On the 100th anniversary of Gettysburg, in 1963, the mood was significantly different. The United States was wealthier, more powerful, and at the same time more conscious of the ways it had failed its black citizens. In his speech commemorating the battle, Vice President Lyndon Johnson acknowledged all of this and connected the civil-rights movement to Lincoln’s interpretation of the events of early July 1863:

“One hundred years ago, the slave was freed. One hundred years later, the Negro remains in bondage to the color of his skin. The Negro today asks justice.

“We do not answer him—we do not answer those who lie beneath this soil—when we reply to the Negro by asking, ‘Patience.’

“It is empty to plead that the solution to the dilemmas of the present rests on the hands of the clock. The solution is in our hands. Unless we are willing to yield up our destiny of greatness among the civilizations of history, Americans—white and Negro together—must be about the business of resolving the challenge which confronts us now.

“Our nation found its soul in honor on these fields of Gettysburg 100 years ago. We must not lose that soul in dishonor now on the fields of hate.”

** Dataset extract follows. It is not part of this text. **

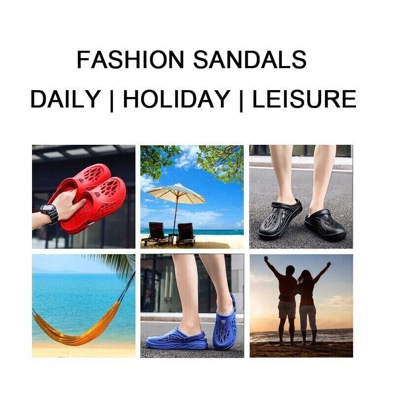 Men Women Garden Shoes Clogs Unisex Summer Hollow Slippers Fashion Outdoor Breathable Casual Couple Beach Sandals Black Big Size for Zapatos Hombre Soft Bottom Slides Thick Platform EVA Anti-Slip Home Slipper Trendy Lightweight Men Sandals Non Slip Men Slides Shoe Casual Outdoor Beach Slippers And Sandals For Couple Product Description: 100% brand new and high quality product. Convenience To Use: These slip on clogs are easy to take on and off, while being extremely fashion and the enhanced heel strap fits perfectly to protect your feet. Comfortable and stable: The garden clogs shoes feature reliable cushioned comfort, a sporty design,with a color and style for every personality. Breathable: The unique design of the garden clogs shoes upper can effectively accelerate air circulation and keep the sandals dry. Hollow Out design, more breathable, favorable foot health. Non-Slip Soles: EVA Non-slip sole provides great grip during walking and movement, and the profile sole ensures a high level of operating comfort and prevents your foot from slipping. Lightweight And Durable: These Clogs for men and women feature lightweight and comfort the material made from Ethylene Vinyl Acetate helps them be durable with time . Occasions: Casual style perfects for all season and occasions, Suitable for many outdoor and indoor activities, as a house slippers or sandals, home uses, garden, beach entertainment, shower, swimming pool, gym, nurse shoes, shopping, bathroom, hotels, holiday or just have a walk with dog etc . Widely Use: Waterproof and washable. Perfect for all scenarios and all seasons you need. You can use them at home, indoor, outdoor, bathroom, spa, gym, swimming pool, beaches, vacation, holidays, water sports etc. It is not only easy to clean and carry, but also let you more stylish with your couple. Product Specification: Shoes Type: Slides Applicable Place: Indoor Season: Summer Upper Material: EVA Fit: Fits true to size, take your normal size Insole Material: EVA Lining Material: NONE Item Type: Slippers Fashion Element: Platform Department Name: Adult Outsole Material: EVA Heel Height: Flat (≤1cm) Style: Novelty Pattern Type: Geometric Summer Shoes: Slippers Fashion Slides: Beach Sandals Beach Shoes: Beach Slippers Black Sandals: Sandals Men Flip Flops Men: Mens EVA Sandal Men Sandals: Slippers Men Summer sandals: Designer Sandals Sandalias Hombre: Plastic Shoes Big Size: 45, 46, 47, 48, 49 Size Chart: EU Size 35 = Foot Length 22.5 cm EU Size 36 = Foot Length 23 cm EU Size 37 = Foot Length 23.5 cm EU Size 38 = Foot Length 24 cm EU Size 39 = Foot Length 24.5 cm EU Size 40 = Foot Length 25 cm EU Size 41 = Foot Length 25.5cm EU Size 42 = Foot Length 26.0cm EU Size 43 = Foot Length 26.5cm EU Size 44 = Foot Length 27 cm EU Size 45 = Foot Length 27.5cm EU Size 46 = Foot Length 28.0cm EU Size 47 = Foot Length 28.5cm EU Size 48 = Foot Length 29cm EU Size 49 = Foot Length 29.5cm Package Includes: 1 Pair of brand new sandals. NOTE: Due to manual measurements, please allow slight measurement deviations. Due to the different display and lighting effects, the actual color of the item may be slightly different from the color displayed on the picture. Return Policy: We understand that sometimes an item may not turn out to be just what you need. Refund or replacement request is available only the requests within 30days after parcel received & returning the item as the same condition as received. Please contact us before returning items and we will provide the shipping address. Do not send back the products without communication, thanks for good communication. Shipping Policy: We ship to your eBay address Only Please check your shipping address carefully before checkout, it can't be changed once order completed. We will ship your order within 1 to 5 days ASAP after receive your cleared payment. Generally, it will take 8-15 business days to US. If you don't get your item in time, please do not hesitate to contact us via eBay message. Our customer support will check the order status for you ASAP. Payment Method: We accept eBay payment method only We will ship out your item ASAP after receiving payment. Contact Us: We are a reputable seller, best service, great price, good quality, loved by many buyers. If any product questions or other problems, please do not hesitate to contact us via eBay message. We will reply within 24 hours ASAP. Good communication is very appreciated. Hope we have a good cooperation. Feedback: If you are not satisfied for any reason, please do not hesitate to contact us. We will do our best to solve your problem. If for any reason you are not satisfied please contact me before leaving feedback. Please don't hurry to leave negative/neutral feedback. If you are satisfied with the product you received, please leave us 5-star positive feedback it will encourage us to continuously improve our products and services. Our goal is 100% satisfaction for every customer and resolves any problem for you and always leave positive feedback to all our customers. Thank you for Visiting our store :)

In the 50 years since, the United States has made tremendous progress in honoring the sacrifice at Gettysburg and moving toward a more just society. But even with an African-American president, racial equality is still a ways away, as any set of statistics on income, wealth, and education for whites, blacks, and other groups shows. If President Obama or Vice President Biden decides to commemorate the 150th anniversary with a speech, he can take Wilson’s route—and focus on the progress we’ve made—or borrow from LBJ and emphasize how far we have left.